Pelaku pun langsung digelandang ke Mapolresta Palembang, guna mempertanggung jawabkan perbuatannya.

Menurut keterangan Irwan, dirinya mengetahui pelaku sudah mencuri Handphone milik korban berawal saat dirinya bersama korban sedang membeli topi di sebuah toko yang berada di kawasan lorong Basah, pada Kamis (9/8) sekitar pukul 14.00 WIB. Namun, usai membeli topi, Irwan melihat resliting tas yang dibawa oleh korban sudah dalam keadaan terbuka, dan Handphone korban sudah hilang.

“Saya langsung melihat pelaku itu pak, dia memasukkan Handphone kedalam jaketnya. Jadi langsung saya kejar, saya kunci lehernya pakai tangan, terus saya periksa dalam jaketnya, ternyata benar ada Hp adik ipar saya pak,” ungkap Irwan, saat ditemui di Polresta Palembang.

Usai mengetahui Hp adik iparnya sudah dicopet oleh pelaku, lanjut Irwan, ia pun sempat memberikan bogem mentah yang mengarah ke muka pelaku, sebelum akhirnya diserahkan kepada anggota Satlantas yang bertugas di pos air mancur Polresta Palembang. “Ini sekarang kami sedang membuat laporan kepolisian pak. Kami harap pelaku dihukum sesuai perbuatannya,” jelasnya.
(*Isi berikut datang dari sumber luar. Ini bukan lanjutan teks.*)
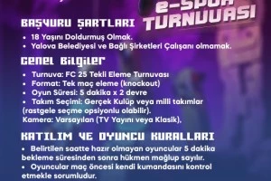 Yalova Belediyesi, gençlere yönelik sosyal ve kültürel faaliyetlere bir yenisini daha ekliyor. Türkiye’de hızla gelişen dijital oyun kültürüne destek vermek amacıyla FC 25 Tekli Eleme formatında düzenlenecek E-Spor Turnuvası, 8-10 Ağustos 2025 tarihleri arasında Batı Sahil Bandı Etkinlik Alanı’nda gerçekleşecek.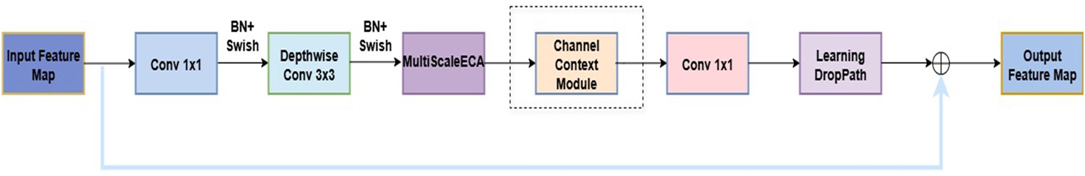 3. A Learnable DropPath mechanism is applied to MBConv residual connections, a dynamic weight fusion mechanism that adaptively adjusts the importance of features across scales.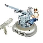 Есть такой сайт - Blubbie.com. На нем опубликована "новость" о том, что японцы, дескать, выпустили USB-устройство, которое защищает компьютер на все 360 градусов и в любого приближающегося стреляет настоящими гвоздями. Ну, в общем, по самой "новости" понятно, что это хохма, а кроме того, если щелкнуть по приведенным двум ссылкам, попадаешь на страничку, где подсчитывают дурачков, поверивших в это безобразие. Не говоря уже о том, что в качестве иллюстрации приведен обычный USB-нагреватель для чашки с чаем, на которого водрузили игрушечную зенитку: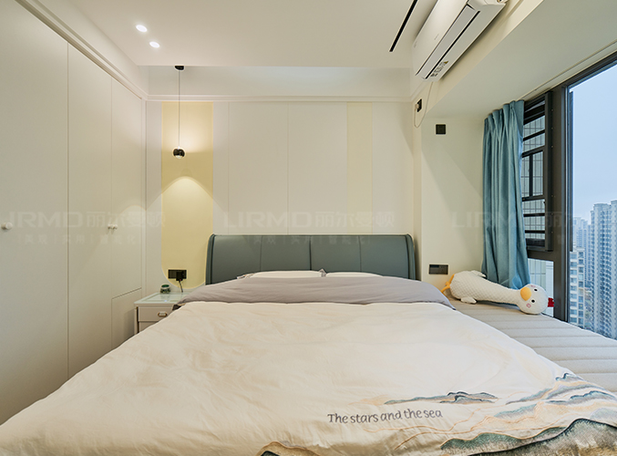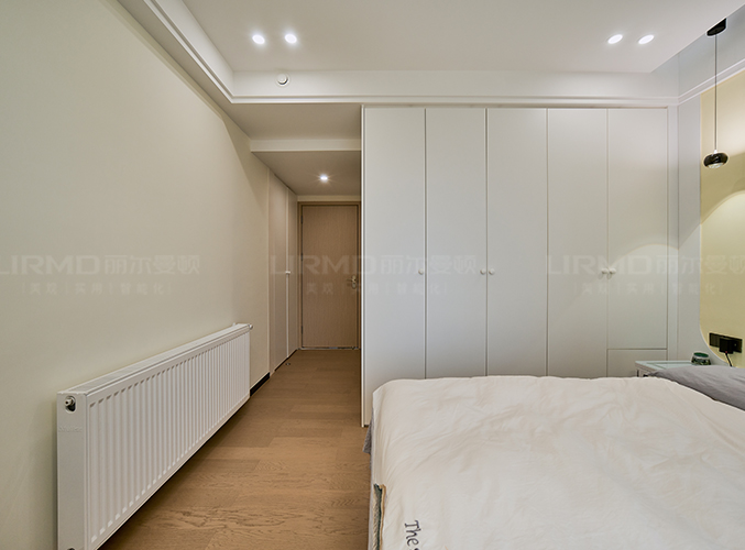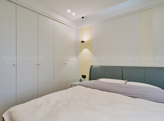 實木柜體搭配PET膚感柜門,一門到頂,無主燈設(shè)計營造空間增次,,整體顏色統(tǒng)一,美觀且大氣。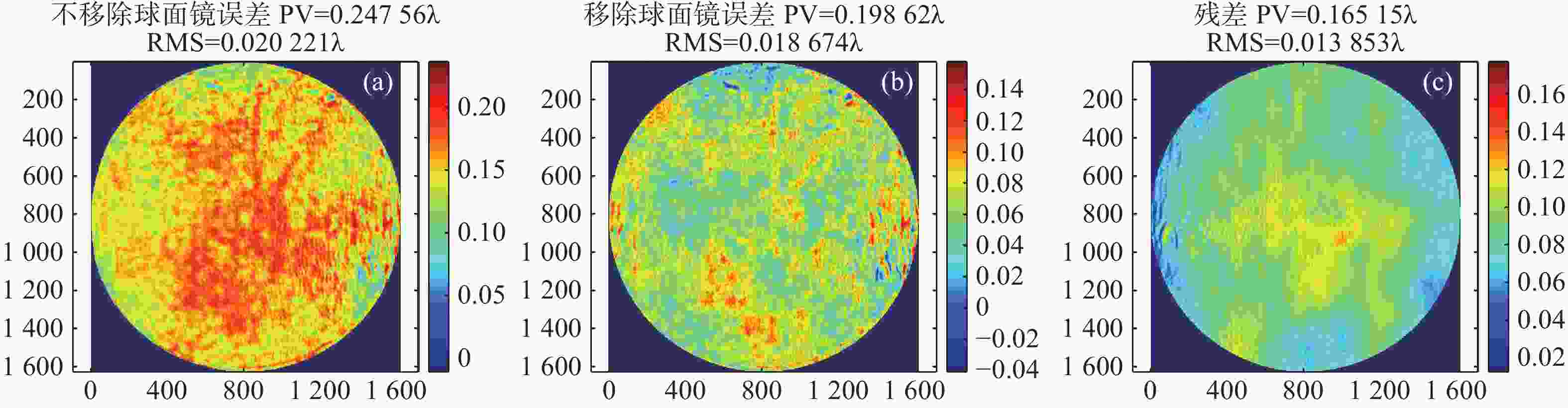 图 11 去除球面镜面形误差前后的数据处理结果对比。(a)未移除球面镜误差面形;(b) 移除球面镜误差后面形;(c)去除球面镜面形误差前后残差

Sedangkan, pelaku berkilah bahwa dirinya tidak mencuri Handphone milik korban. “Hp nya terjatuh pak, saya tidak mengambilnya, sumpah pak,” kilah bapak dua orang anak ini.
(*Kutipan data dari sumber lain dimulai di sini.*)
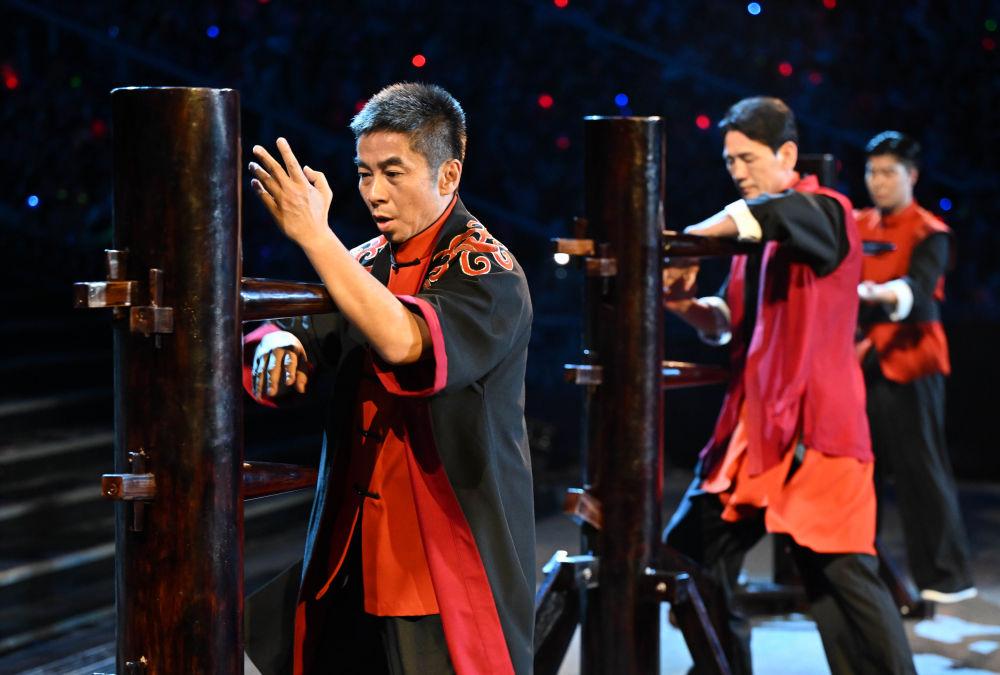 11月9日,演員在開幕式現(xiàn)場表演詠春拳。新華社記者肖藝九 攝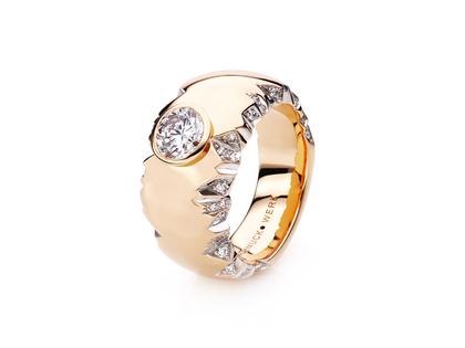 Ring aus 750/- Rotgold, Verlauf gewölbt, Ringschiene mit "Alpenrelief", mit 50 Brillanten zusammen 0,360 ct TW vsi und 1 Solitaire-Brillant 0,400 ct TW vsi, 10,0 mm breit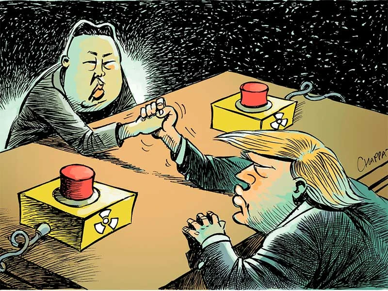 Cuộc đấu giữa Donald Trump và Kim Jong-un theo biếm họa của Patrick Chappatte người Thụy Sĩ gốc Lebanon.

Dikatakannya, dirinya pada saat itu hanya dituduh oleh korban sudah mencuri Hp miliknya. “Saya tidak mencurinya pak, Hp nya itu terjatuh. Tapi dia langsung saja memukul muka saya pak. Sudah itu, saya dibawanya ke pos polisi,” jelasnya.

Sementara itu, Kasat Reskrim Polresta Palembang, Kompol Yon Edi Winara SIK, melalui Kasubag Humas AKP Andi Haryadi, membenarkan pihaknya menerima serahan pelaku dugaan Pencurian dengan Pemberatan (Curat).

“Korban sudah membuat laporan kepolisian, Dan pelaku saat ini sedang dalam pemeriksaan unit Reskrim Polresta Palembang,” singkatnya. (Cdr)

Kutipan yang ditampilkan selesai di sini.